O “bem-vindo” que acima se lê, em turco, tem história: a promessa da canoagem nacional, Carlos Marques é, agora, uma forte esperança do projecto olímpico da Turquia. Será que ainda nos trama, nos Jogos do Rio?

Num dia de Janeiro passado, na véspera de partir para Adana, a caminho do centro de estágio da selecção turca de canoagem, Carlos Marques encontrou, num acaso de rua, a professora de Educação Física que, na Escola António Augusto Louro, no Seixal, tinha ele 11 anos, o iniciou na modalidade, no rio Tejo. Carlos contou a Ana Garcês que ia ter dupla nacionalidade e competir pela Turquia. Aceitara o convite da federação daquele país para integrar um projecto de três anos, com o apuramento para os Jogos Olímpicos do Rio de Janeiro, em 2016, como grande objectivo. “A professora ficou um pouco em choque”, relata o ex-aluno, que se lembra, na perfeição, do dia invernoso a dar as primeiras pagaiadas. “Rendi-me logo.”

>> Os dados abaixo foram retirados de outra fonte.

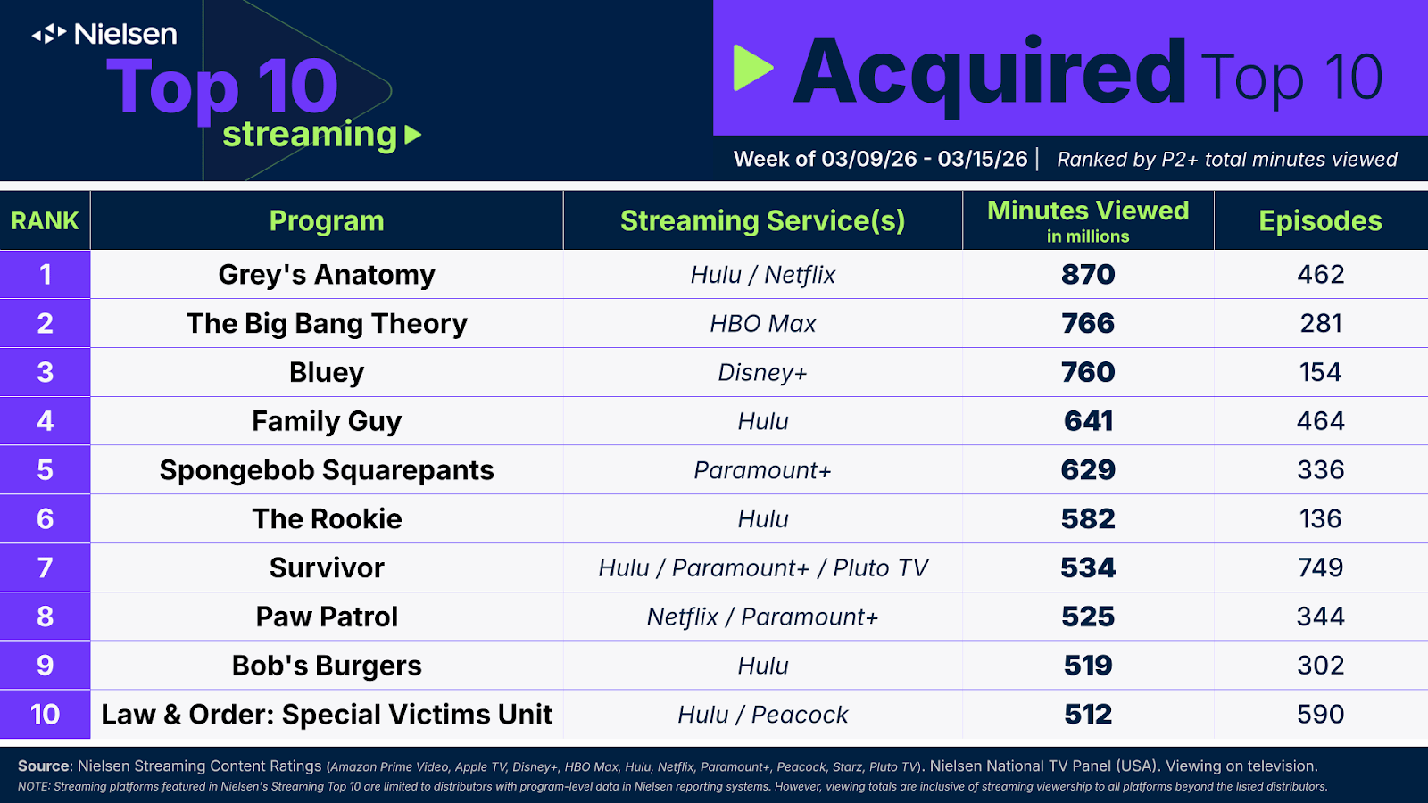 Les chiffres de cet article viennent du Top 10 Nielsen et du Top 10 Luminate.

Perante aquele encontro imediato de terceiro grau, é possível que crentes em forças sobrenaturais, que traçam destinos por antecipação, dêem como adquirido um suposto facto: nos Jogos do Rio, Carlos Marques, a pagaiar no seu caiaque, pela Turquia, vai tirar uma medalha às nossas cores. Um exagero, por agora.

É verdade que Carlos, 20 anos no próximo dia 22, foi sempre convocado, entre 2009 e 2013, para a selecção nacional. Em 2012, por exemplo, trouxe para Portugal uma medalha de bronze, ganha em K2 (dois lugares) 200 metros, na Regata Internacional de Piestany, Eslováquia. Ainda nesse ano, chegou a 16º do ranking dos melhores canoístas europeus, em K1 500 metros, na categoria de sub-23. Mas, em 2013, teria uma época menos boa, compensada pelo convite da federação turca. Agora, em Adana, o luso-turco Carlos Marques treina-se intensa e diariamente, de manhã e à tarde, de segunda a sábado, preparando-se para disputar três Taças do Mundo, dois Europeus e dois Mundiais, e claro, conseguir o dificílimo apuramento para os Jogos do Rio.

Húngaros à vista

Carlos Marques tornou-se turco através de uma norma que invoca o “interesse nacional”. E foi integrado numa equipa em que sobressaem húngaros: o treinador Gabor Szabo, 50 anos, o campeão mundial, em 2006, e “vice” europeu, em 2007, de K4 1000 metros, Lajos Gyokos, 32, e a promessa Sara Seprenyi, 21. É forte a aposta que a Turquia faz numa modalidade em que não possui qualquer tradição. Numa população de 75,6 milhões, tem só duas centenas de praticantes.

A Hungria, explique-se, é uma potência da canoagem e um papa-medalhas crónico em Jogos Olímpicos. Com tais companheiros, Carlos Marques não podia estar mais feliz. “Ando sempre com um sorriso nos lábios”, diz, motivadíssimo, desde Adana. “Somos muito bem tratados pela federação” – que lhe assegura tudo, da logística ao salário e a viagens. O canoísta está alojado no campus de Çukurova, a universidade de Adana, cidade do sul da Turquia, perto do Mediterrâneo, soalheira e de temperaturas amenas. E tranquila, diz Carlos, a largas centenas de quilómetros das convulsões político-sociais na capital, Ancara, e na grande metrópole Istambul.

A federação portuguesa autorizou, pacificamente a transferência do atleta para a Turquia. “Devido aos cortes nos subsídios públicos”, diz fonte conhecedora, “não há condições financeiras para dar oportunidades a jovens talentosos, como Carlos Marques [ver AQUI].” O antecedente conhecido é o do remador Bruno Mascarenhas que, em conflito com a respectiva federação alinhou pela Itália, nos Jogos Olímpicos de Atenas, em 2004, e conquistou uma medalha de bronze. Falta, pois, a pergunta de algibeira: se o canoísta subir ao pódio, metamorfoseará a bandeira da lua e estrela brancas, sobre fundo vermelho, para as cores lusitanas? “Ainda não penso em medalhas nem nas bandeiras”, responde Carlos Marques, politicamente correcto.